LSU has appealed, contesting only the award for future medical care and related benefits between the date of injury and the date of the verdict, and the award for economic loss.

DISCUSSION

Regarding the appellate review of an award of general damages, our supreme court has stated:

It is well-settled that vast discretion is accorded to the trier of fact in fixing general damage awards. La. Civ. Code art. 2324.1; Duncan v. Kansas City Southern Railway Co., 00-0066 (La. 10/30/00), 773 So.2d 670. This vast discretion is such that an appellate court should rarely disturb an award of general damages. Youn v. Maritime Overseas Corp., 623 So.2d 1257, 1261 (La.1993), cert. denied, 510 U.S. 1114, 114 S.Ct. 1059, 127 L.Ed.2d 379 (1994). Thus, the role of the appellate court in reviewing general damage awards is not to decide what it considers to be an appropriate award, but rather to review the exercise of discretion by the trier of fact. Youn, 623 So.2d at 1260.
The initial inquiry, in reviewing an award of general damages, is whether the trier of fact abused its discretion in assessing the amount of damages. Cone v. National Emergency Serv. Inc., 99-0934 (La. 10/29/99), 747 So.2d 1085, 1089; Reck v. Stevens, 373 So.2d 498 (La. 1979). Only after a determination that the trier of fact has abused its “much discretion” is a resort to prior awards appropriate, and then only for the purpose of determining the highest or lowest point which is reasonably within that discretion. Coco v. Winston Indus., Inc., 341 So.2d 332 (La. 1976).

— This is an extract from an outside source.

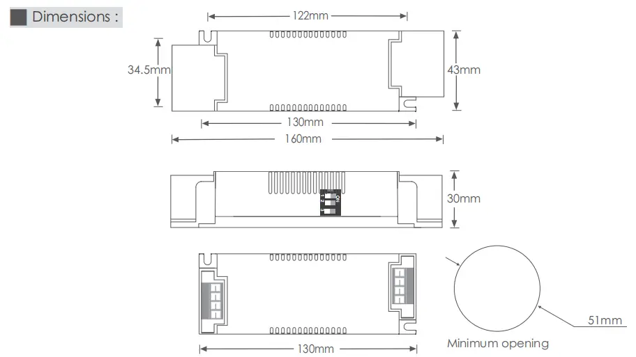 Courant constant et compatibilité étendue : fournit une alimentation stable et sans scintillement aux matrices de LED, garantissant un rendement lumineux constant et prolongeant la durée de vie des LED. La large plage de puissance de 3 à 44 W en fait une solution polyvalente pour diverses applications, de l'éclairage de corniche et des downlights aux luminaires linéaires et aux accents architecturaux.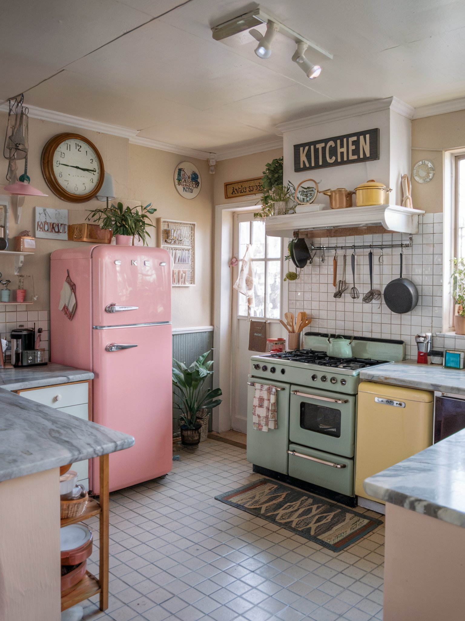 This kitchen exudes a charming vintage aesthetic with its pastel-colored appliances and classic subway tile backsplash. The pops of greenery and vintage accents add warmth and personality to the space. The overall effect is a cozy and inviting kitchen that feels both nostalgic and modern.

Purvis v. Grant Parish School Bd., 2013-1424, pp. 6-7 (La. 2/14/14), 144 So.3d 922, 927-8.

Regarding the appellate review of an award for special damages, our supreme court has stated:

Special damages are those which have a “ready market value,” such that the amount of the damages theoretically may be determined with relative certainty, including medical expenses 14and lost wages. McGee v. A C and S, Inc., 05-1036 (La. 7/10/06), 933 So.2d 770. In reviewing a jury’s factual conclusions with regard to special damages, an appellate court must satisfy a two-step process based on the record as a whole: There must be no reasonable factual *633basis for the trial court’s conclusions, and the finding must be clearly wrong. Guillory v. Ins. Co. of North America, 96-1084 (La. 4/8/97), 692 So.2d 1029.

Kaiser v. Hardin, 2006-2092, pp.11-12 (La. 4/11/07), 953 So.2d 802, 810.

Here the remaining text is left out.